Вы здесь

Человеческий фактор. Сборник рассказов – 1. Отпускница (Александр Миронов)

Отпускница

1

Веру ждали. В последнем письме она писала, что уже в отпуске. Веселье не готовили, но разве не радость для неё самой наконец-то оказаться дома. Вдохнуть запах утренней росы и парного молока. Увидеть поутру корову, пастуха, выгоняющего стадо на пастбища. Посидеть под черемухой. Повидать родных. Повидаться с подружками, какие ещё остались в деревне… Она часто об этом писала.

Ну, конечно, в доме прибрали, навели порядок. Дочь-то теперь не та деревенская девчонка, что была прежде. Вымахало, раздобрела, поди, там, на городских-то харчах. Вона какие переводы слала, видать, зашибала девка куда с добром.

Вера не было дома четыре года. Долго Ефросинья Михайловна убивалась по ней. Старшая она была, помощницей. Как ушёл Илларион Минаевич на фронт, так и легло всё хозяйство им на руки. Детей, кроме Веры, четверо, да ещё хозяйство: корова, бычок, поросята, две ярки, баран. Курочек с десятка полтора. Худо-бедно жить можно. Война началась, куда что делось? Одно государству сдали, пошло на оборону, другое – продали. Да только без коровы с такой оравой не тут-то было, не потянешь. Сено первую осень с Веркой заготовляли, ломили, как каторжные. На себе вязанками из логов вытаскивали, другого-то места на покосы не давали. Копны метали – на стог ни сил, ни смётки не хватало. Потом с Надькой, с Игнатом мучилась. Досталось же. Да и не только им одним.
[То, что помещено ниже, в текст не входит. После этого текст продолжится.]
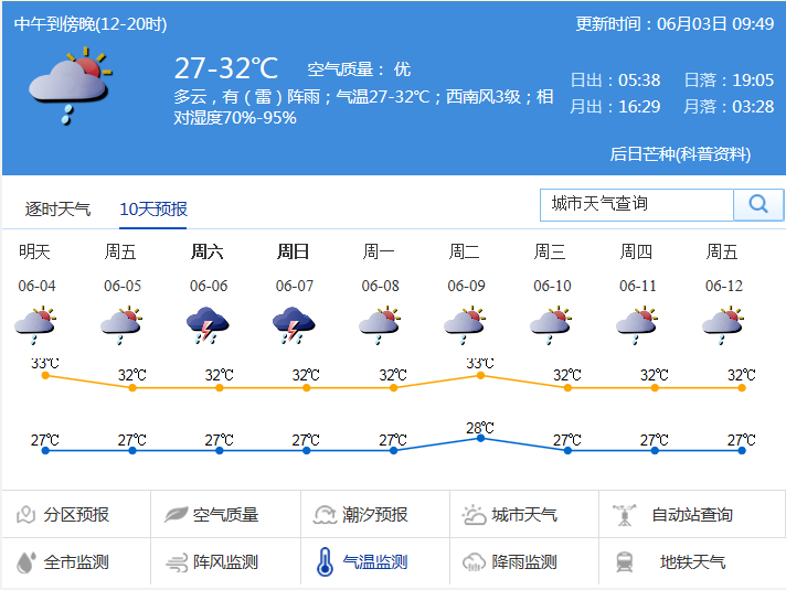 市氣象臺預(yù)測,3-4日多云,有雷陣雨,局部雨勢較大,3日氣溫27-32℃,天氣悶熱;5-7日降雨加大,有雷陣雨,局部暴雨,伴有雷暴和8級左右短時大風(fēng)。
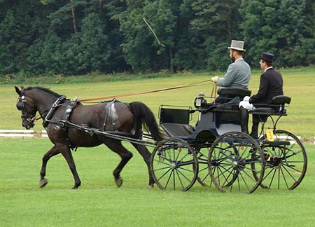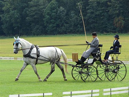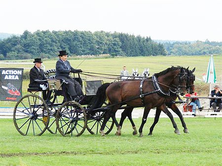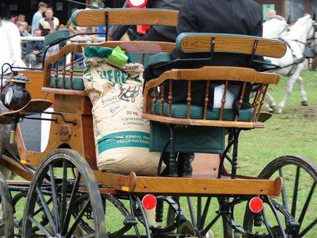 Drezurní zkouška probíhala jako vždy na fotbalovém hřišti, avšak deštivé počasí předešlých dnů udělalo s jinak bezvadným povrchem své. V horní části drez. obdelníku se bořili koně a zařezávala se kola parádních kočárů. Podmínky však měli všichni vozatajové stejné.

Разве что Прынин с нуждой не знался.

«Вспомнила черта ни к месту! – ругнулась про себя Ефросинья Михайловна. – Вот по ком фронт плакал».
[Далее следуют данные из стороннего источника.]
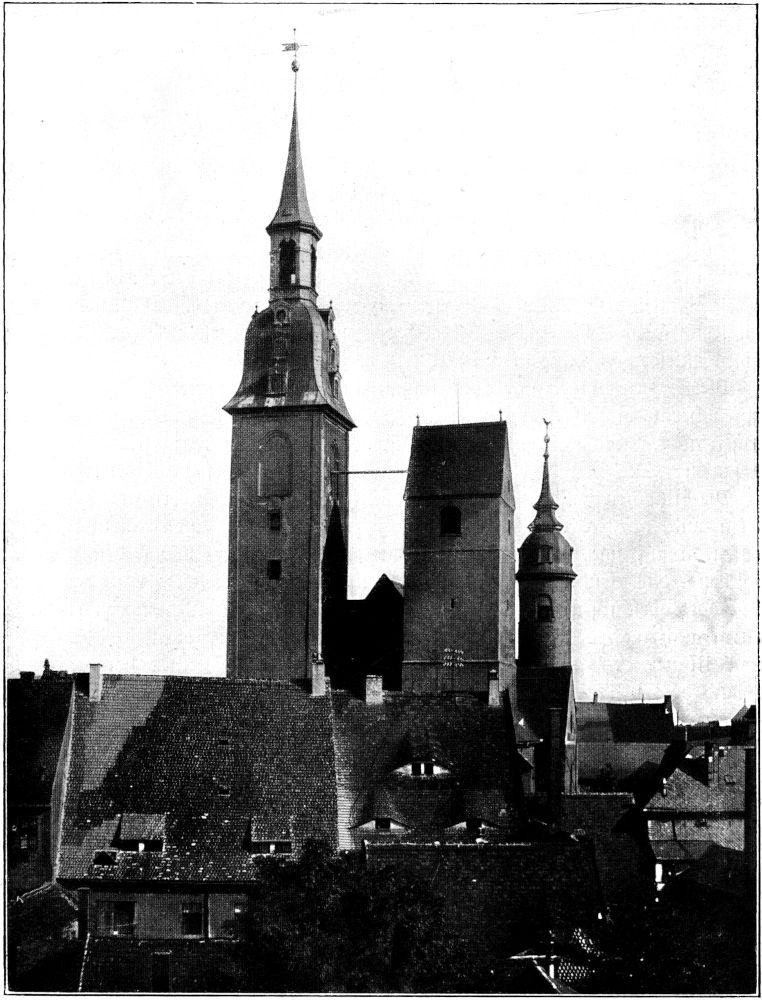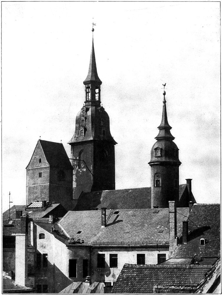 Hoch über alle Dächer der alten Bergstadt recken sich die Petritürme zum Himmel und schauen weit in die Ferne. (Abb. 1.) Weit liegen Wiesen und Felder und im immergrünen Kranze die Wälder gebreitet. Blinkende Teiche blitzen auf mit silbernem Spiegel und die Halden des alten Bergbaues grüßen herauf als Zeugen vergangener Bergherrlichkeit und harter Arbeit hundert zäher Bergmannsgeschlechter.

…В январе сорок второго года Филат Прынин и участковый милиционер Соловушкин ходили по деревне и наводили страх. Стоило заслышать стук в раму окна или в дверь, женщины притихали – дошла-таки очередь и до них. Уговоры редко помогали, но при хорошем угощении власти добрели, и хозяйская дочь или сын, подростки, вписывались в один из трех списков: «Лесозаготовка» или «Нужен колхозу». Даже лесозаготовка, где каторжная работа, в лесу, на холоде, в снегу, без отдыха всю зиму, и то так не пугала, как третий список: «Военный завод». Это куда-то, Бог знает где, от дома за тридевять земель… Не могло приземленное сознание охватить той дали, а сердце смириться с утратой ребёнка. И вербовка проводилась не добрым и доходчивым словом, а бессердечно грубо, не считаясь ни с составом семьи, ни с её трудностями. Добродушный участковый в дела председателя не вмешивался и к концу дня, подвыпивший, был в самом распрекрасном расположении духа. И только всеобщее горе, охватившее страну, сдерживало матерей от протеста…
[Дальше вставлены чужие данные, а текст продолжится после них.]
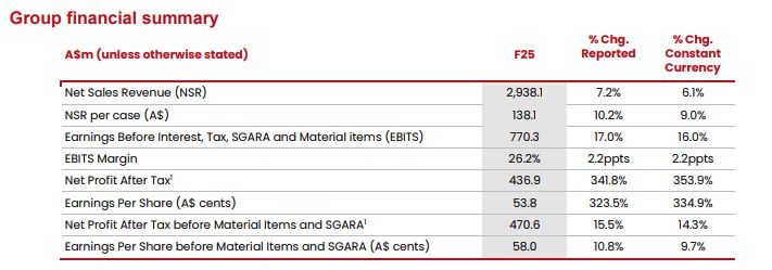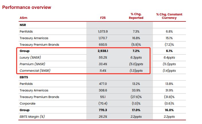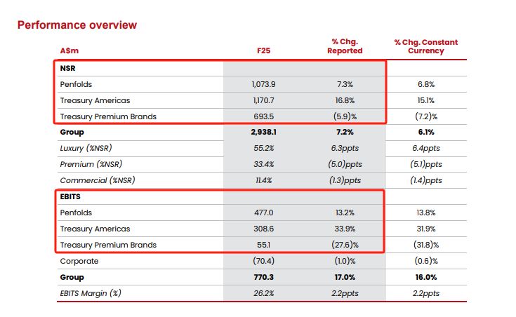 具体来看,作为高端葡萄酒的代表品牌,奔富在2025财年净销售收入约为10.74亿澳元,增长7.3%;EBITS增长13.2%至4.77亿澳元。

Первое письмо пришло от Веры почти через месяц. А ещё через месяц денежный перевод. Потом ещё и ещё, и так все четыре года. Вера писала, что там деньги ей не нужны, а вам, дескать, помогут. И помогли. Ещё как помогали, Верочка. За налоги уходили. Молока, масла не хватало на сдачу, так со стороны прикупали. Потом – яйца, сало, масло, шерсть. Два баранчика осталось от прежних овец, да их держать – мýка и смех один. В конце года сдай полторы шкуры с каждого, хоть выроди, а нет, так Прынин всю душу вымотает, милицией застращает. Крутились люди, лебеду с крапивой ели, а налоги платили. А то как же? – дело государственное, война. Спасибо, Верочка, выручали твои денежки. Другим односельчанам городские тоже переводы слали. Но кому понемногу, а кого только подразнили. Оно конечно, дело хозяйское, никто от них не требовал. Им, поди, и самим там несладко, но Верочка регулярно, каждый месяц присылала. Вот уж дал Бог девку, сострадательная, с понятием. Спасибо тебе, деточка.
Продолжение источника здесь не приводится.